[Start of section]

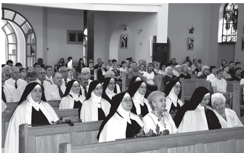
29 czerwca 2017 r. 25-letnią postugę w Sanktuarium Matki Bożej Ostrobramskiej uroczysto zakończyły Siostry Karmelitanki Dzieciątka Jezus
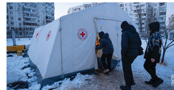
Un centre de réchauffement permanent de la Société de la Croix-Rouge d'Ukraine.

Grâce à vous, les équipes d'intervention d'urgence (EIU) disposent de l'équipement nécessaire pour continuer à offrir des soins essentiels aux personnes touchées par le conflit. Votre générosité a permis de fournir 20 points de réchauffement permanents et 15 ambulances à la Société de la Croix-Rouge d'Ukraine. Ces points de chauffage et ces ambulances représentent une façon supplémentaire par laquelle vous soutenez la prestation d'une aide humanitaire vitale en Ukraine.
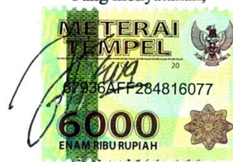
Eva Prasetio Rini
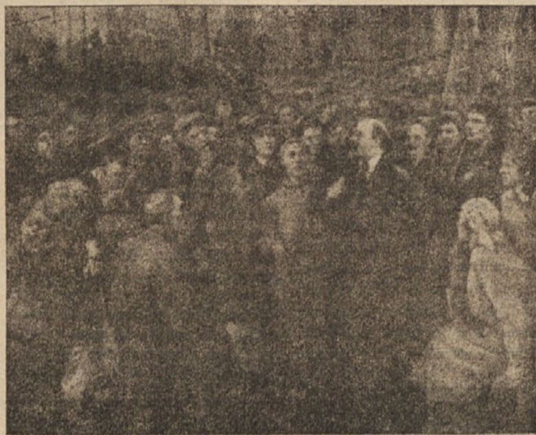
LENIN V RAZGOVORU Z BORCI, KI ODHAJAJO NA FRONTO

To je napisal Marx o Nemčiji petdesetih let, o kmečki deželi, kjer

[End of section]

— What to produce —
Extract the full listing above verbatim; pictures are to be left out of the copy.

— Written answer —
29 czerwca 2017 r. 25-letnią postugę w Sanktuarium Matki Bożej Ostrobramskiej uroczysto zakończyły Siostry Karmelitanki Dzieciątka Jezus
Un centre de réchauffement permanent de la Société de la Croix-Rouge d'Ukraine.

Grâce à vous, les équipes d'intervention d'urgence (EIU) disposent de l'équipement nécessaire pour continuer à offrir des soins essentiels aux personnes touchées par le conflit. Votre générosité a permis de fournir 20 points de réchauffement permanents et 15 ambulances à la Société de la Croix-Rouge d'Ukraine. Ces points de chauffage et ces ambulances représentent une façon supplémentaire par laquelle vous soutenez la prestation d'une aide humanitaire vitale en Ukraine.
Eva Prasetio Rini
LENIN V RAZGOVORU Z BORCI, KI ODHAJAJO NA FRONTO

To je napisal Marx o Nemčiji petdesetih let, o kmečki deželi, kjer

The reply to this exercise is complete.